Никаких политических откровений в письме не было. «Дорогой Пьер! — говорилось там. — Пользуясь любезностью графа Воронцова, я имею счастье написать Вам. Уповаю на Бога, чтобы Ваша судьба в Бельгии сложилась благополучнее, чем моя в Париже. Если Вы обладаете хоть малейшей возможностью оказать мне одолжение, заклинаю Вас памятью нашей матери, не оставьте меня. Моя участь ужасна. Я часто сижу без обеда. Мне не на что купить сапог. Я страдаю от голода и унижения. Меня преследуют заимодавцы, и я вынужден скрываться, чтобы не попасть в тюрьму. На лестнице дома, где я живу из милости, по очереди дежурят кредиторы. Я всё продал: книги, вещи, платье. У меня остались одни пистолеты. Прощайте. Ваша отзывчивая душа не останется равнодушной к моим несчастьям. Ваш недостойный брат Эжен».

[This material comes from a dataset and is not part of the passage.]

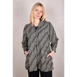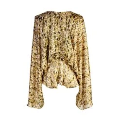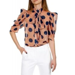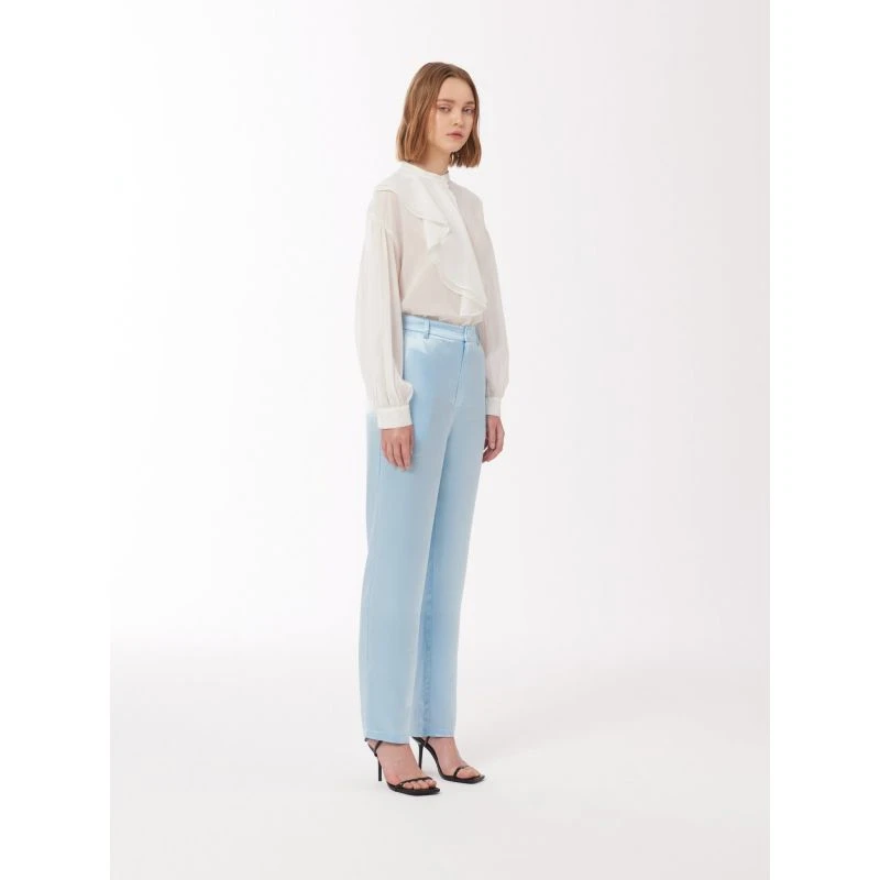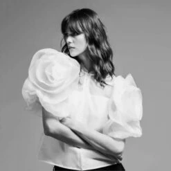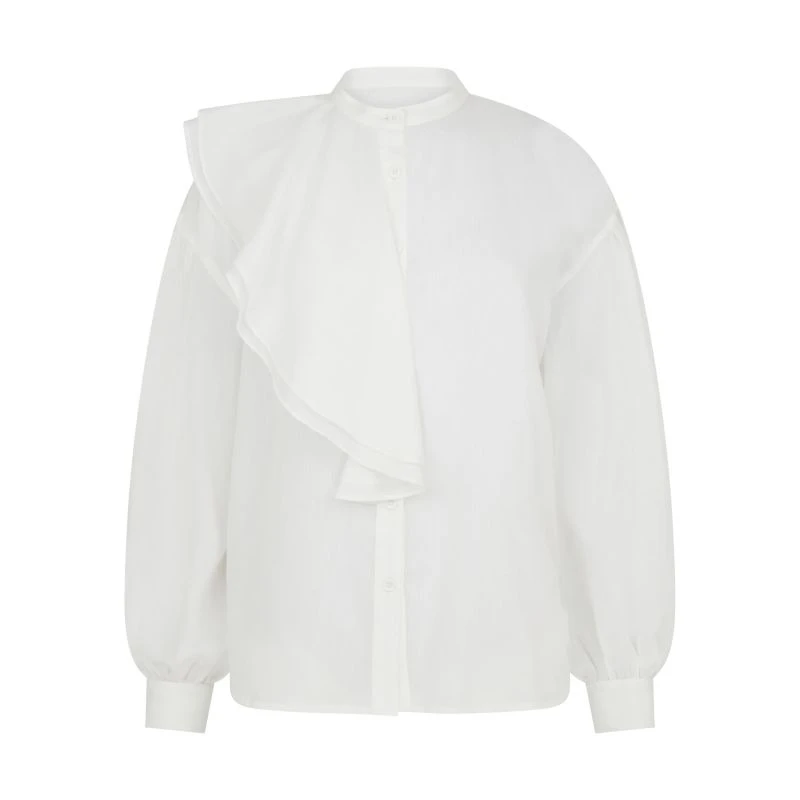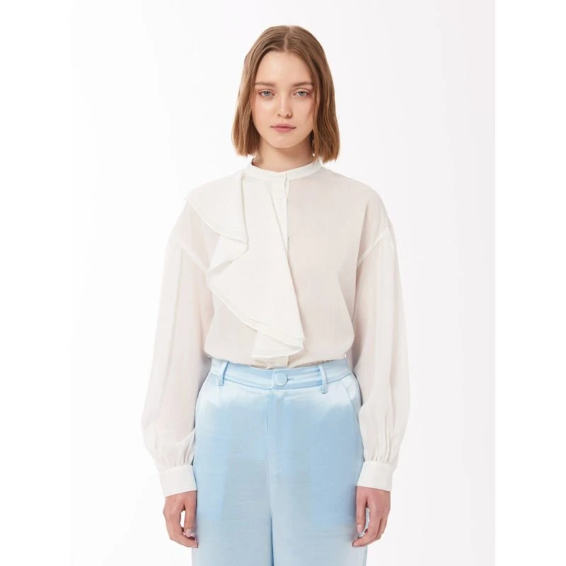 This ivory white asymmetrical ruffle shirt has an equally chic and elegant feel. It’s a statement piece with a one-sided ruffled overlay that gracefully falls from the shoulder.

Эти строчки тронули бы и каменное сердце. Саша проворочался до утра. Что ему было нужды в чужом человеке? Но, с другой стороны, что Ожеро было за дело до него самого, когда газеты написали о дуэли с Малаховским? На следующий день Казначеев выехал ещё до рассвета. Он всегда расплачивался с хозяевами заранее, и его исчезновение никого не обеспокоило. Обратный путь занял два с половиной дня. Европа так мала! От Брюсселя до Мобежа оказалось столько же, сколько от Мобежа до французской столицы. В штабе он доложился Фабру. А поскольку граф пребывал в волшебном городе, «у ног мадемуазель Браницкой», как с довольным смешком выразился Алекс, то и задерживаться дорогой не пришлось. Прямиком на улицу Шуазель.
У Саши имелись кое-какие сбережения. В отличие от многих, он умел экономить и ухитрялся кое-что посылать домой, в захудалое именьишко Козенец под Калугой. Ссудить бедолагу Ожеро хоть сотней франков адъютант мог. Даже без особого ущерба для себя. Ведь, в конце концов, если бы не этот посланный ему Богом свидетель, его собственное положение оказалось бы ой каким невесёлым...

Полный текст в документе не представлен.